Research has shown that retail investors usually make the right decision in the middle of an upward trend, but rarely time the top of the market with any accuracy. When everyone is piling in, FOMO is in full spate and it’s probably the time to ‘lock in your profits’. This is what professionals do. They pick up shares that you’ve dumped and put on sale at the bottom of the market – and then sell them back to you when they reach the top. Locking in profits isn’t always selling all of the shares, just bringing it back in line with the rest of your portfolio. Share concentration is when you have a disproportionately high percentage of a single stock (or sector) in your portfolio, and this often happens over time so it might have a fat CGT (Capital Gains Tax) bill embedded in it, making you even more loath to sell the share.

  1. Paying anyone for your hard gotten gains.

Capital Gains Tax sticks in everyone’s craw.
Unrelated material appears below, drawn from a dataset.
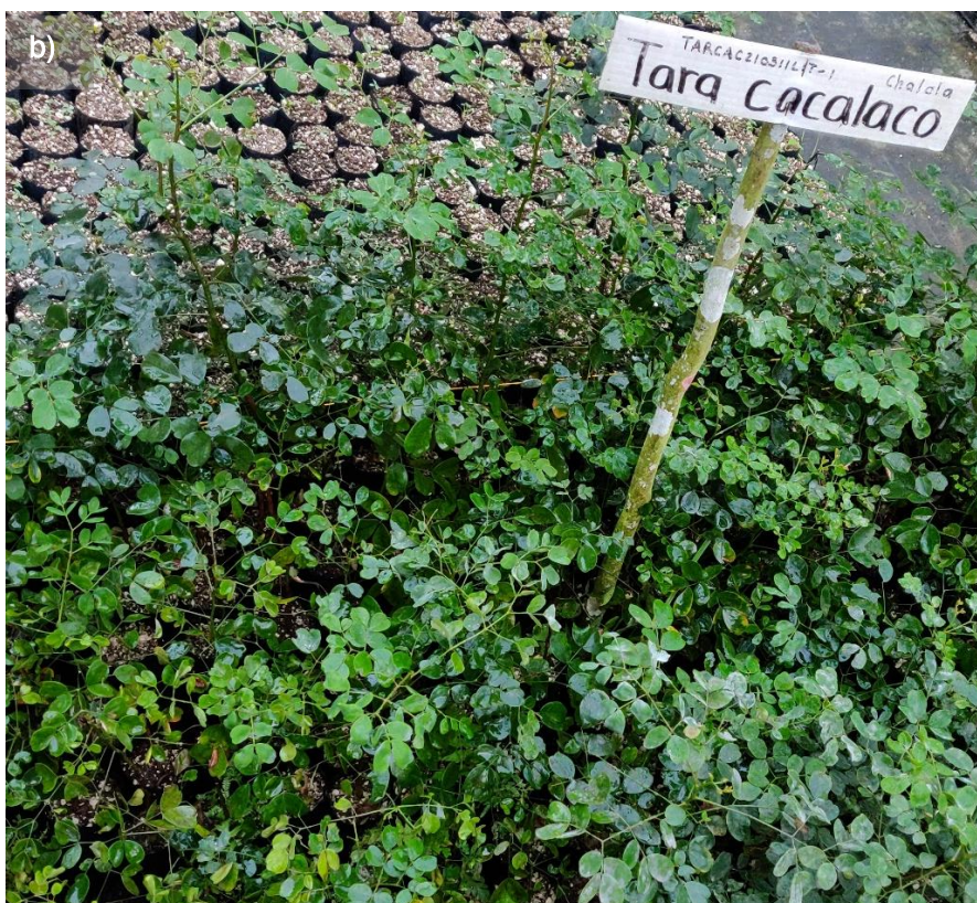
Ilustración 52. Plantulas de T. cacalaco : a) plántulas antes del trasplante; b) plántulas mas desarrolladas y trasplantadas.

There are some strategies to get round this. You can use your annual R40k allowance (you lose it if you don’t use it) or speak to your discretionary asset manager, who might have some tools to help you defer the tax. When all else fails just remember that you only have a Capital Gain because it has grown and is not a loser. It might be a good time to get rid of some of the losers with a capital loss – because they offset each other. 

  1. Know when you need professional help.

It isn’t enough to know how your investments are doing and how they are growing, you really need to know how much you are going to need for your objective – the big one, of course, being retirement. Yes, cycles in the stock market usually correct with time, but what if that correction comes just when you need that capital, and it is suddenly down by a third? Some 5 years out from retirement you need to start aligning your portfolio to your future needs. This isn’t a matter of selling stock and buying other assets – tax, retirement fund regulations, income yield, changing income needs, impact of inflation and other aspects need to be taken into consideration. When markets go up and down by several percentage points daily, why be a cheapskate about 1% or so in annual fees?